REQUIREMENT:
All lines from the one containing "This sleek angled" through the end of the material are to be given back exactly, without pictures.

INFORMATION PROVIDED:

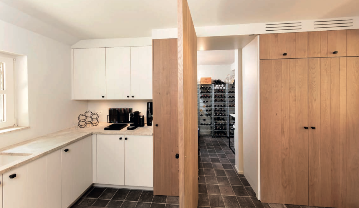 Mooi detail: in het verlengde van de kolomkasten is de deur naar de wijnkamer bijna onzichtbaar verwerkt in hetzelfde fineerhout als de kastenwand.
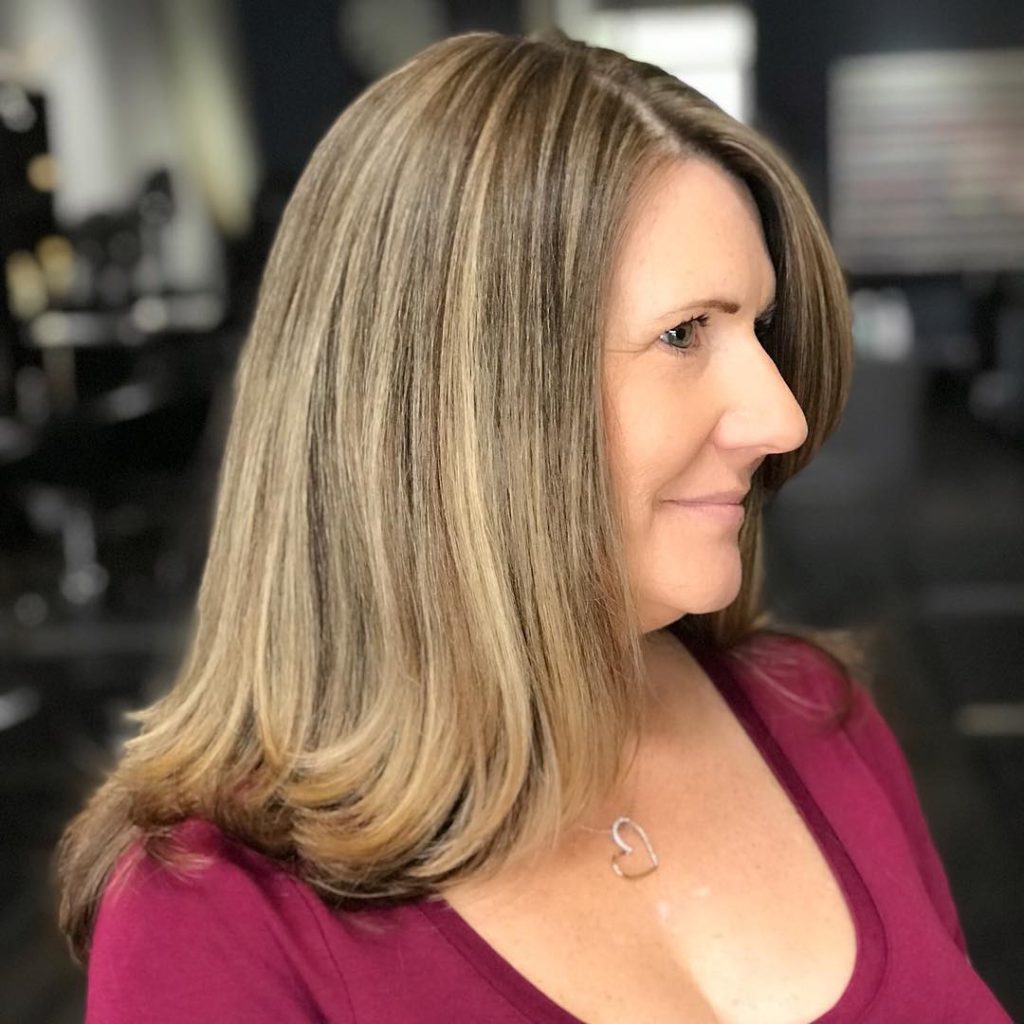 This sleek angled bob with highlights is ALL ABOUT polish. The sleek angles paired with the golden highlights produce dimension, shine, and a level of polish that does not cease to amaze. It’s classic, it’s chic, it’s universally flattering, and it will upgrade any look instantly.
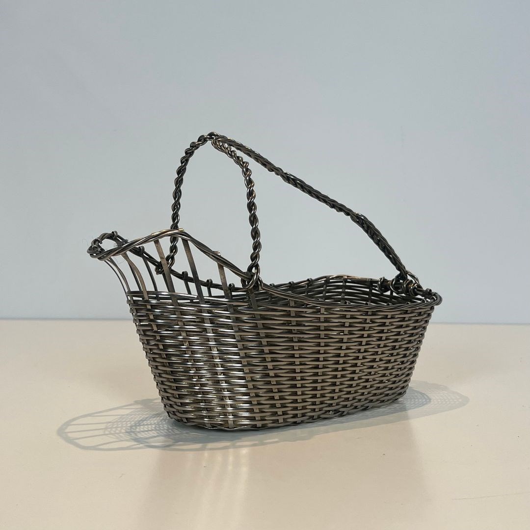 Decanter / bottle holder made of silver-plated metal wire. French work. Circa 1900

SOLUTION TO THE PROBLEM:
 This sleek angled bob with highlights is ALL ABOUT polish. The sleek angles paired with the golden highlights produce dimension, shine, and a level of polish that does not cease to amaze. It’s classic, it’s chic, it’s universally flattering, and it will upgrade any look instantly.
 Decanter / bottle holder made of silver-plated metal wire. French work. Circa 1900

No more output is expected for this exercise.